U.S. Pat. No. 4,256,790 to Lackman, et al. discloses a composite structure in which composite panels (i.e., resin-impregnated fiber sheets) are bonded together at a joint which is then reinforced by a composite thread sewn in a series of stitches through the panels. Stitching is concentrated only in the most critical areas of the stiffened panel construction, namely, at the tension point of the radius between the skin and a stiffener and between opposite skins that make the web of a stiffener. Stitching also occurs at the point of the honeycomb structure where the opposite skins are in facewise contact with one another. The composite members are staged (i.e., heated and compressed to remove excess resin) prior to stitching.
U.S. Pat. No. 4,331,723 to Hamm discloses a structure for a joint in which a wedge-shaped composite insert is covered on its three sides by graphite-epoxy laminate layers. Adjacent the insert, the laminates are stitched together with a thread preferably of Kevlar.
U.S. Pat. No. 4,828,206 to Bruno, et al. discloses a wing structure for a hydrodynamic ram. This wing structure is in the form of a panel using glass or graphite skins which control the hydraulic ram effect of an exploding shelf inside the wing structure. Pairs of rows of stitching are used with one of the rows of a pair on each side of a bolted joint. The joints also have a ply build-up and the stitching is used to control the spread of damage and serve as a locating line for a "blow-out." The stitching is performed in a B-Stage lay-up, that is, in a wet stage which is stitched and then cured. This stitch line creates a line of weakness for controlling the location of a failure in a tension or compression loaded skin.

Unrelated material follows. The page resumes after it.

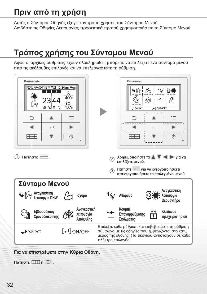 Πριν από τη χρήση Αυτός ο Σύντομος Οδηγός εξηγεί τον τρόπο χρήσης του Σύντομου Μενού. Διαβάστε τις Οδηγίες Λειτουργίας προσεκτικά προτού χρησιμοποιήσετε το Σύντομο Μενού.
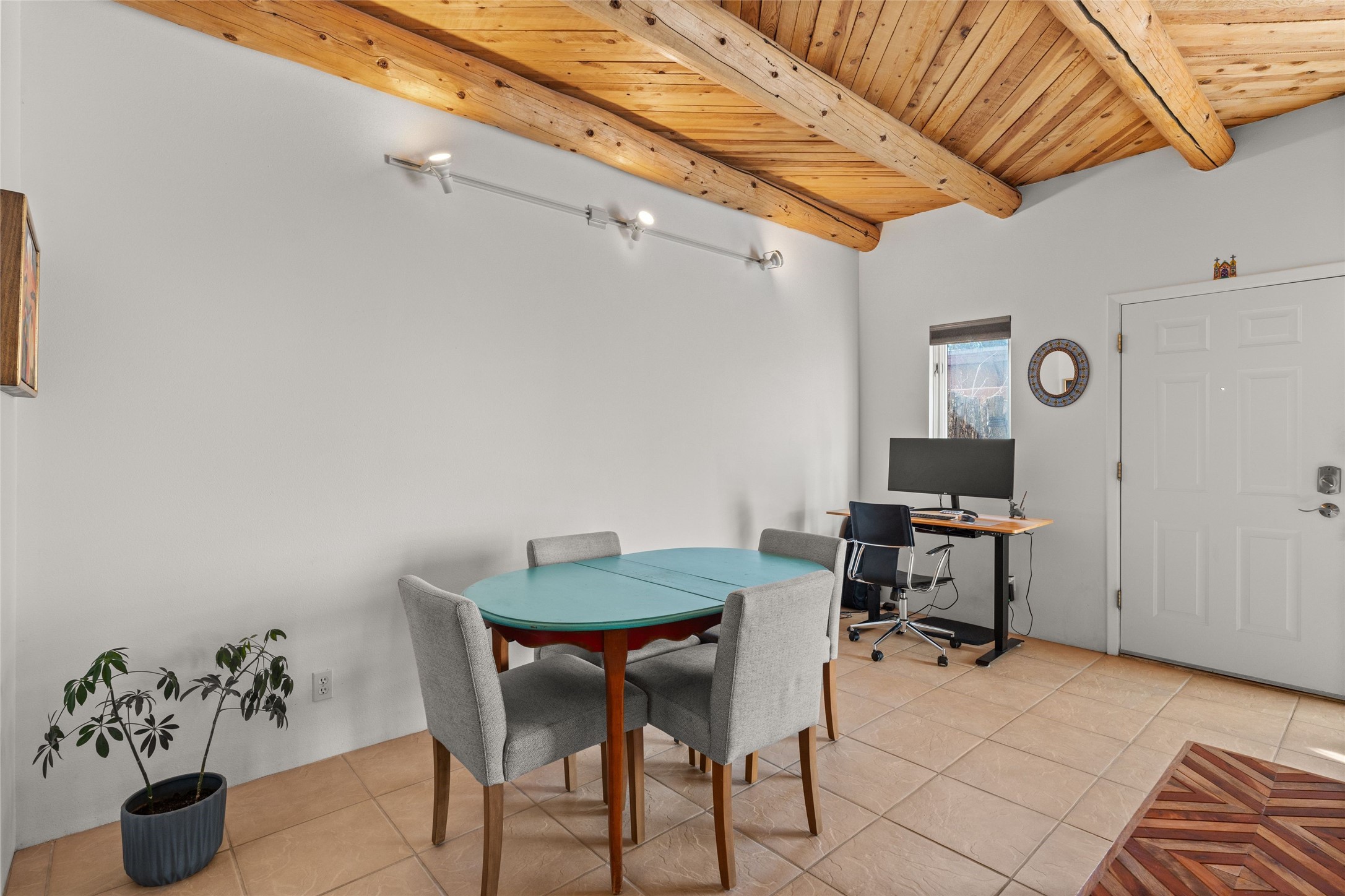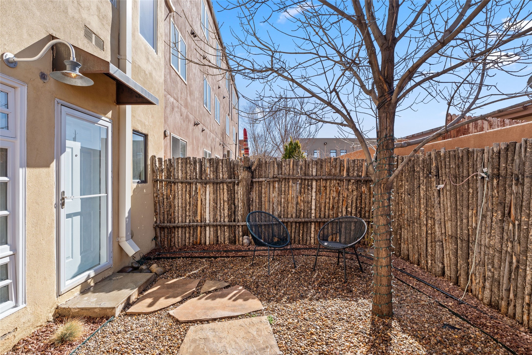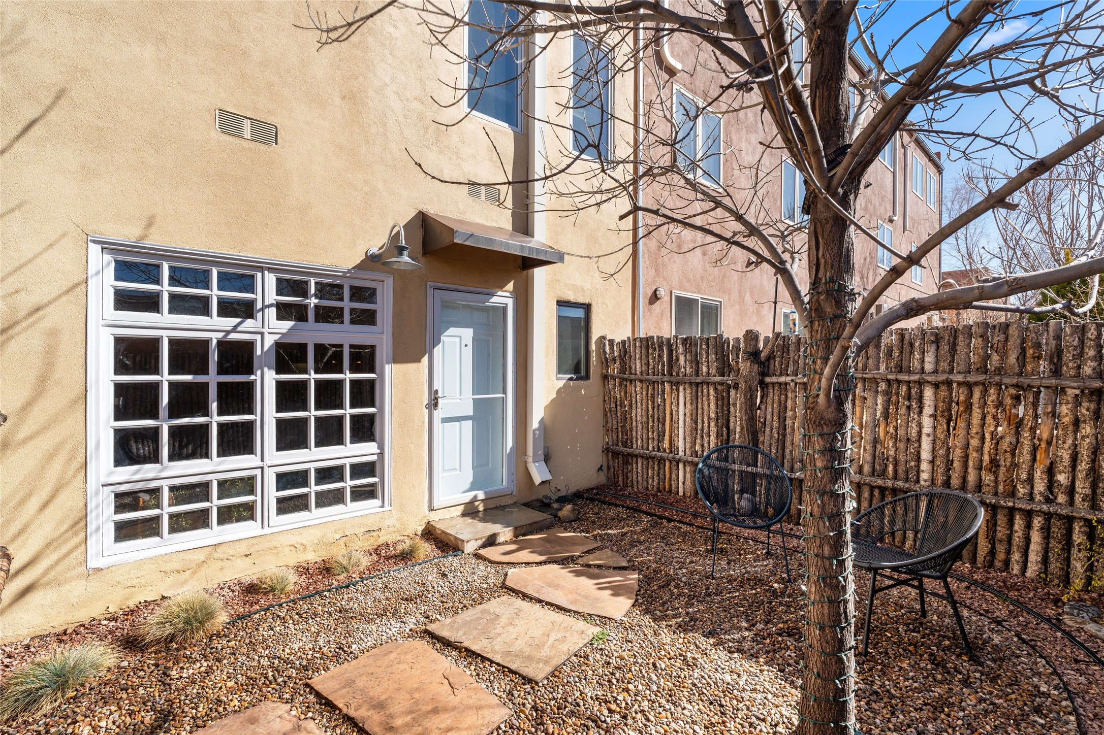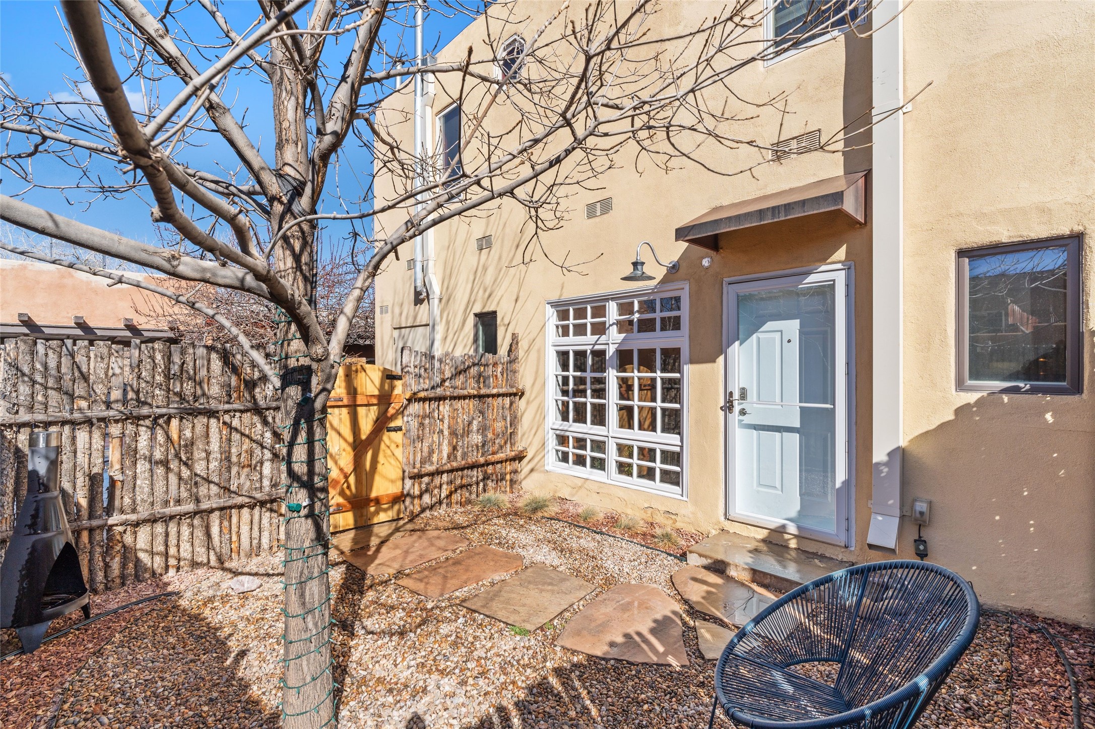 A charming, private, and turnkey single-level condominium featuring stunning vigas, an open-concept layout, split unit cooling, and radiant floor heating. Arrive to an exclusive driveway, including a portico, to a peaceful outdoor area boasting a canopy style ash tree. The design is open concept living with lots of natural light and privacy. The construction features a 10 ft tall, natural wood ceiling built with vigas and latillas, and large double pane, pop out windows. The upscale kitchen has granite & wood counters, modern cabinets, stainless appliances, and a bar/counter for entertaining or everyday, casual living. The bedroom has a walk-in closet, a laundry area, a mini-split for cooling/heating, and a newly renovated bathroom with a porcelain sink and walk-in rain shower. The condominium was built in 2005 and offers nearly 900 square feet of well-designed living space. Stationed one block from Sweetwater Harvest Kitchen and conveniently located close to Lena Street, Trader Joe's, Whole Foods, and Saint Michael's commerce. The property has stellar long term rental potential and short-term rentals are permitted by the HOA.

Finally, U.S. Pat. No. 5,308,228 to Benoit et al. discloses a gas turbine blade having a central core of pre-impregnated fiber material, the outer surfaces of which are covered by woven composite materials, preferably pre-impregnated fiber material. The entire construction is then held together by a thread stitched through the various layers. Density of stitching varies over the surface of the blade, being highest toward the tip and lowest toward the root. After stitching, the structure is then impregnated and polymerized in a mold to obtain a finished blade. Benoit discloses that the central core may include inserts of a non-resinous nature, such as metal or foam. The outer layers may be stitched prior to impregnation. Benoit is not concerned with producing a structure having improved tolerance for impact damage caused by a foreign object.
There has been a need for a sandwich panel with improved flatwise tensile strength and capable of substantially reducing damage propagation from impact by a foreign object, such as a falling tool box, a rock from the runway, etc. The panels currently in existence do not fulfill this need.